With today’s interactive social media and the real-time Internet, both customers and employees see inside your company easily, so you can’t hide your real company culture. At the same time relationship perceptions have become the biggest drivers to customer loyalty and employee engagement. Thus in every business, big or small, culture can make or break your success.
Examples of companies well known for their winning cultures inside and out include Apple and Google. In both cases, their products are not generally cheaper or unique, but the mindset behind how they do what they do, and think what they think, makes them stand out. Others, by most accounts including Blockbuster and JCPenney, lost their focus on culture, and paid a heavy price.
In fact, most entrepreneurs and executives today recognize the importance of building and maintaining the right culture, but many are not so clear on how to do it, or assessing where they stand in the process. To that end, I was impressed with the specifics provided in a classic book, “Nimble, Focused, Feisty,” by Sara Roberts, a “go-to” expert on organizational transformation.

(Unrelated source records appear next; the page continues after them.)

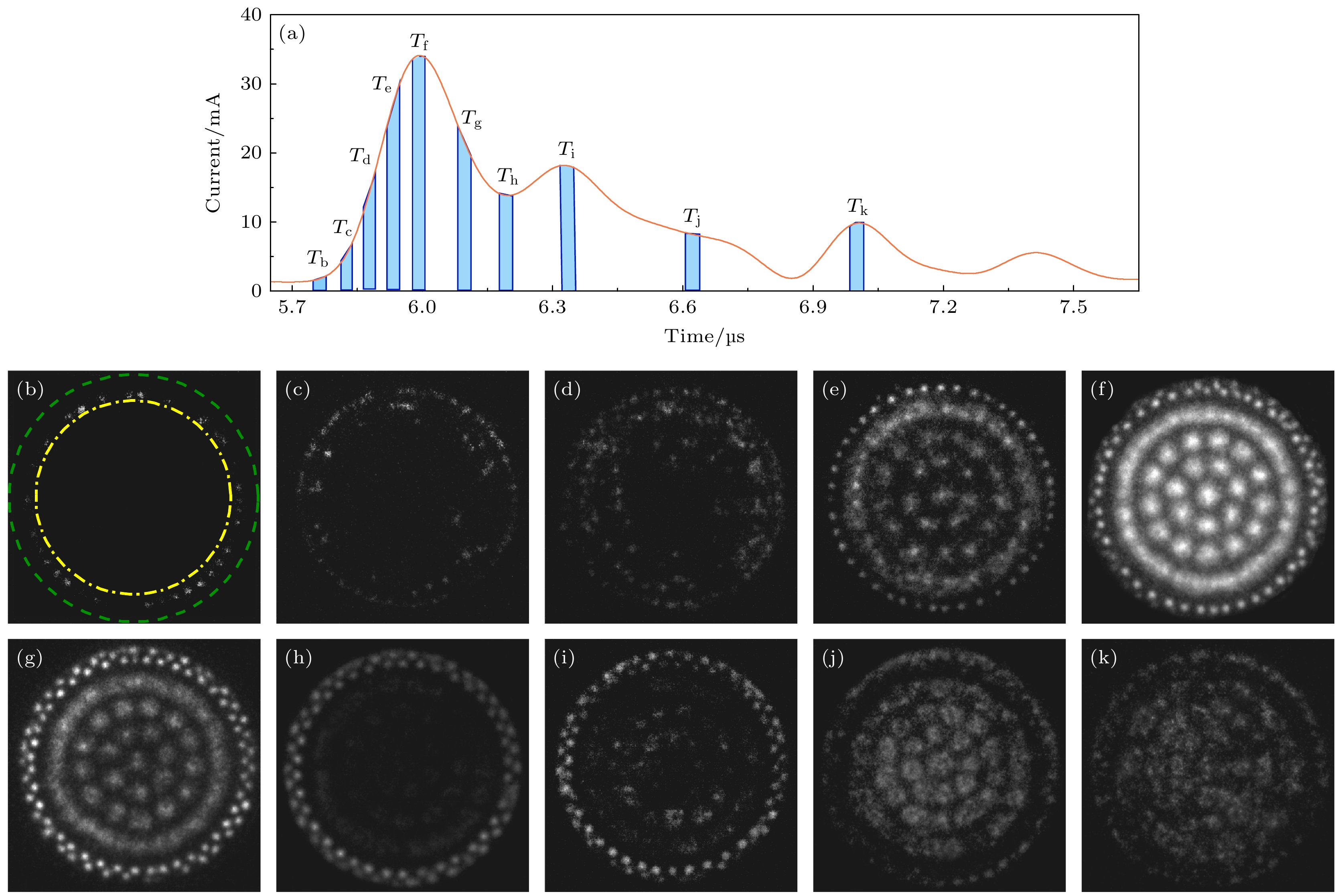 为了探究LDC斑图的时空演化过程, 以图2(d)中拍摄的LDC Ⅲ斑图为例, 利用ICCD相机对其进行单次短曝光时间(曝光时间texp = 50 ns)的拍摄. 如图5(a)所示波形图为图4(d)对应的电流脉冲的局部放大图. 图5(b)—(k)为放电期间拍摄的单次放电图像, 其拍摄时刻分别对应图5(a)波形图上Tb—Tk时刻. 从图5(b)可以看出, 在放电的起始阶段, 薄气隙处最先被击穿放电; 随着电流的增大, 放电逐渐呈现出沿着径向由外向内发展的趋势(图5(c)—(e)), 并在Te时刻发展至圆心, 如图5(e)所示, 此时, 放电十分微弱. 此后, 放电逐渐增强, 并在电流峰值Tf时刻光强达到最大, 此时放电发光也最强, 如图5(f)所示. 之后随着电流的衰减, 放电逐渐减弱(图5(g)). 在Th时刻, 厚气隙放电几乎完全熄灭, 但薄气隙放电比厚气隙放电要强烈(图5(h)). 当外加电压持续升高, 气体再次达到击穿阈值, 厚气隙处产生二次放电, 薄气隙处放电也增强, 但放电较第1次放电弱得多(图5(i), (j)), 随后放电随着电流的减小而逐渐减弱(图5(k)). 从半个周期内拍摄的ICCD放电图像(图5(b)—(k))可以看出, LDC斑图各个放电通道并不是同步被击穿的, 而是呈现出由外向内径向发展的过程, 这与大面积辉光放电在径向上呈现由内向外的发展过程相似[39,40].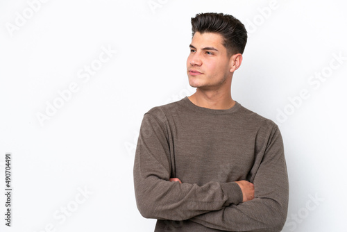 Fototapeta premium Young handsome caucasian man isolated on white bakcground looking to the side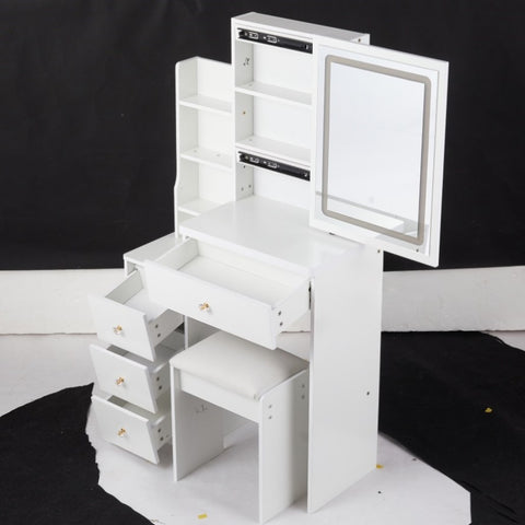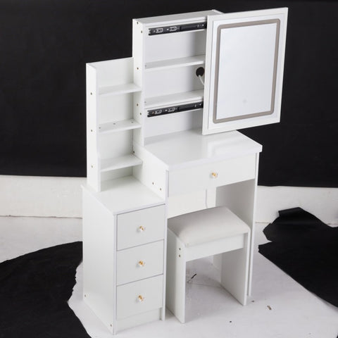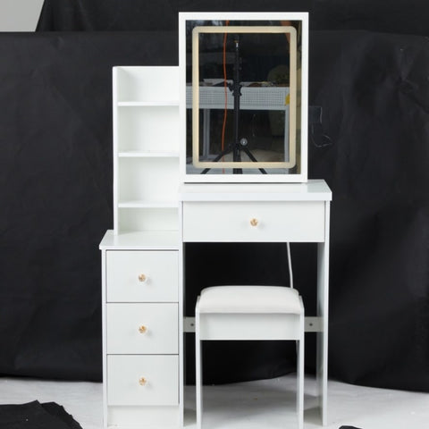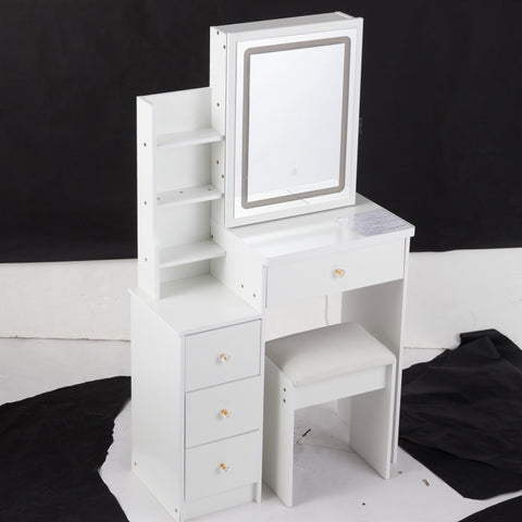 Small Size Left Bedside Cabinet Vanity Table Cushioned Stool, Touch Control Sliding LED Mirror, W936P226033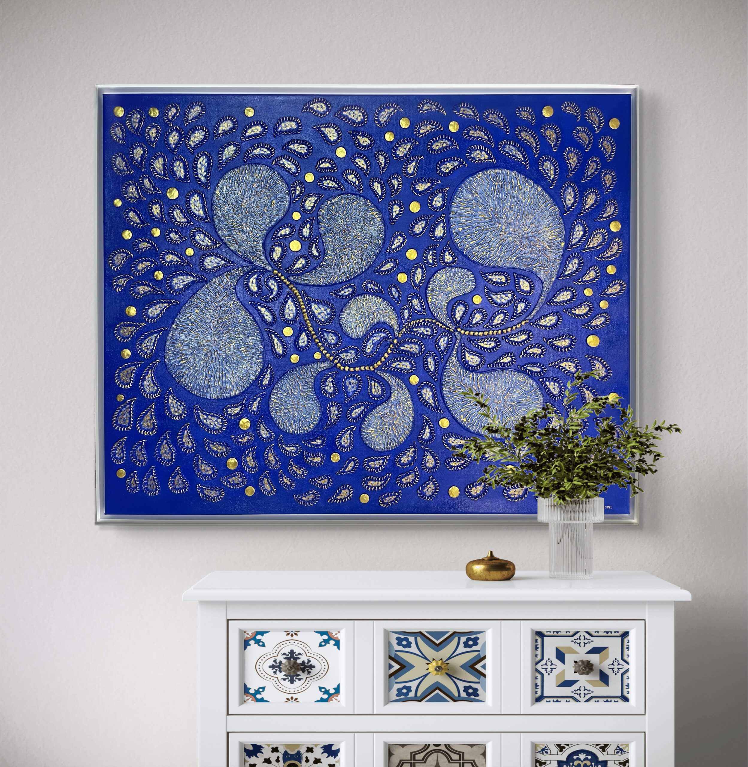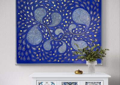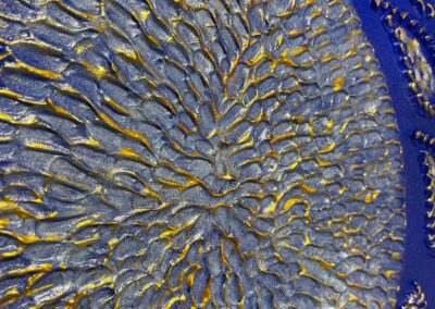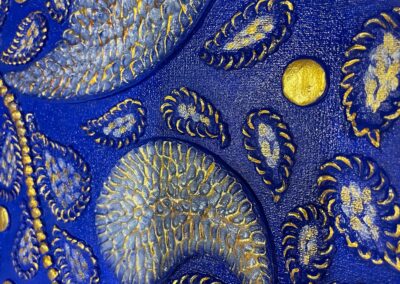 Materials Mixed media on canvas (textured paste, clay, acrylic paints)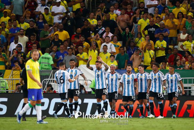 다음 상대는 라이벌 아르헨티나였다. 아르헨티나는 리오넬 메시를 앞세워 승승장구해 2022 국제축구연맹(FIFA) 카타르 월드컵에서 우승을 차지했고 이후 남미 예선 전승을 달리며 월드컵 분위기를 이어갔다. 그러던 중 우루과이에 0-2로 패하면서 연승이 끊겼다. 메시를 비롯해 모든 선수들이 무기력했고 우루과이에 좀처럼 패하지 않던 상황이라 충격이 컸다.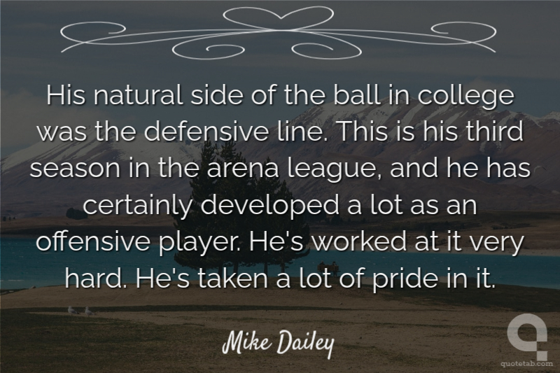 His natural side of the ball in college was the defensive line. This is his third season in the arena league, and he has certainly developed a lot as an offensive player. He's worked at it very hard. He's taken a lot of pride in it.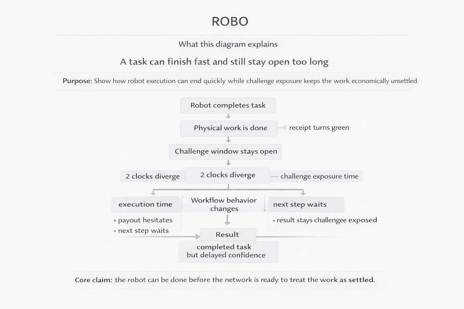 Nhiều hệ thống nói về sự hoàn thành như thể hành động cuối cùng của robot và sự tự tin của mạng lưới đến vào khoảng thời gian tương tự. Robot thực hiện công việc. Một biên lai đến. Một kết quả có sẵn. Tốt. Nhưng một khi một khoảng thời gian thách thức vẫn mở lâu hơn nhiều so với thời gian thực hiện, ý nghĩa của "đã hoàn thành" bắt đầu phân tách. Một lớp nói rằng robot đã hoàn thành. Một lớp khác nói rằng kết quả vẫn đang sống trong một khoảng thời gian mà sự đảo ngược hoặc tranh chấp có thể thay đổi những gì bất kỳ ai muốn làm tiếp theo.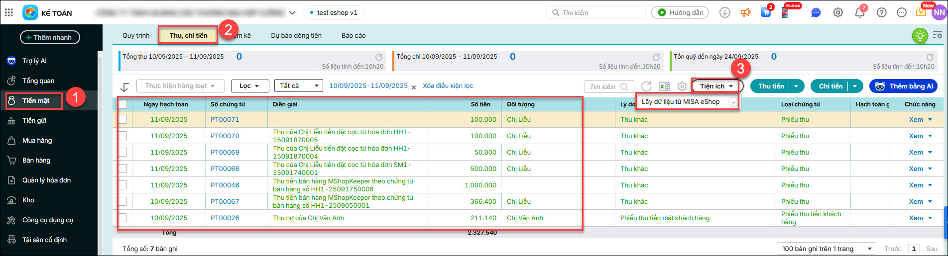 • Chứng từ lấy sang AMIS kế toán: Vào phân hệ Tiền mặt / tab Thu, chi tiền / Tiện ích: Lấy dữ liệu từ MISA ESHOP → các chứng từ này sẽ hiển thị ở phân hệ Tiền mặt, tab Thu, chi tiền, loại phiếu thu trên AMIS kế toán.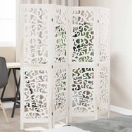 Cloison de separation 4 panneaux blanc bois de paulownia massif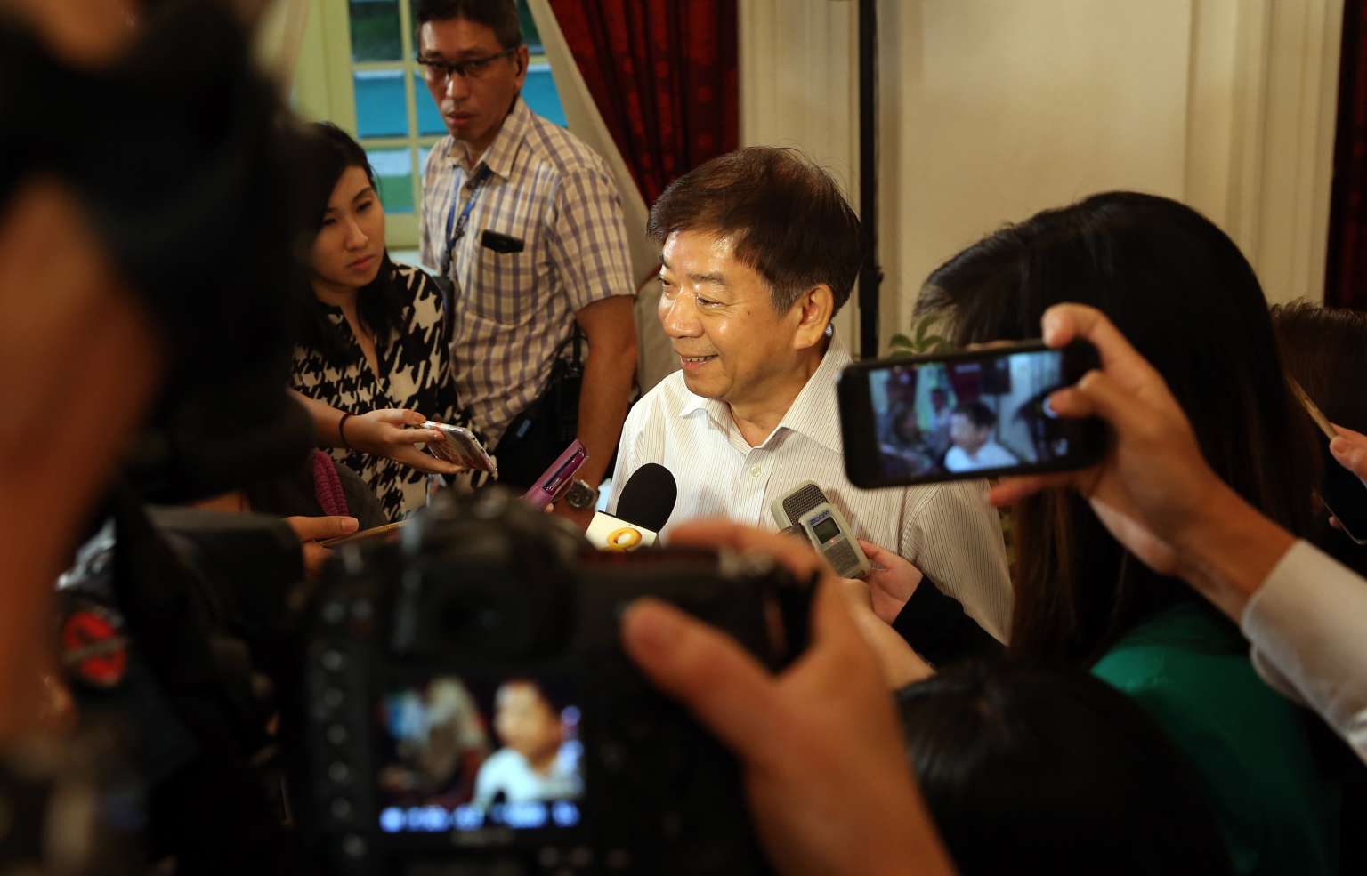 Mr Khaw Boon Wan speaking to the media after a press conference in the Istana on Sept 28, 2015, after he was appointed the new Minister for Transport.

What I have seen in startups correlates well with Roberts’ evidence that there are three basic elements of a winning culture mindset today – fast is better than big, possibility over profitability, and being passionately outward-directed to customers and employees. I support her outline of several guiding principles for any company on how to achieve and maintain this mindset:
- Remain nimble and ready to pivot. Winning organizations have a culture of no expectation of always doing what they are currently doing. They know how rapidly things change, and that today’s positive reality may not carry them to where they ultimately want to go. They are always on the lookout for new opportunities and innovations.
- Structure for speed in making changes. Speed in any organization is largely a function of hierarchy, trust, and the ability to make decisions quickly across the organization. The primary key is establishing a culture that relies on values, rather than rules, to guide every action. Teams and individuals at all levels must be motivated to make decisions.
- Solve problems by co-creating and collaborating. Effective collaboration requires bringing together a variety of contributors who trust each other to get to the best solution. These days, that includes the initiative to bring up issues and tap the wisdom of “crowds” through social media, employee forums, and listening to industry influencers.
- Lead with purpose as a balance to profit. Increasingly, the landscape is shifting from an emphasis on “how” to an appreciation of “why,” both inside and outside the company. If executives don’t see social good or higher purpose as important to success, customers and employees will remind them – overtly by feedback, or passively by deserting them.
- Maintain a customer-centric focus. Businesses oriented primarily toward near-term shareholder value make themselves vulnerable in the long term. If you focus on what’s best for the customer, both near-term and long-term, you will see where customers are headed, and can plan change versus crisis reaction. Talk with real customers constantly.
- Find leaders who are courageous connectors. Courageous leaders acknowledge doubt and gaps, but still make decisions with confidence. Connector leaders enable their teams to navigate other organizations effectively, connect them with required resources, and expand their sense of possibilities and purpose. Set the culture by example.
- Build teams with people who get things done. A nimble organization needs doers and makers. Makers are not scared of taking action; in fact they’re biased toward action. They ask forgiveness rather than ask for permission, are motivated by results, and naturally collaborative. Leaders help most by not putting barriers in the way of their people.
- Winning cultures need consistent people practices. The best team cultures are built and maintained by systematic and deliberate hiring. Don’t hire only under duress, or settle for less than the best fit. Involve the team in selecting the best fit, culture matching, and getting “buy-in” from all the right players. Motivate with meaning, not just money.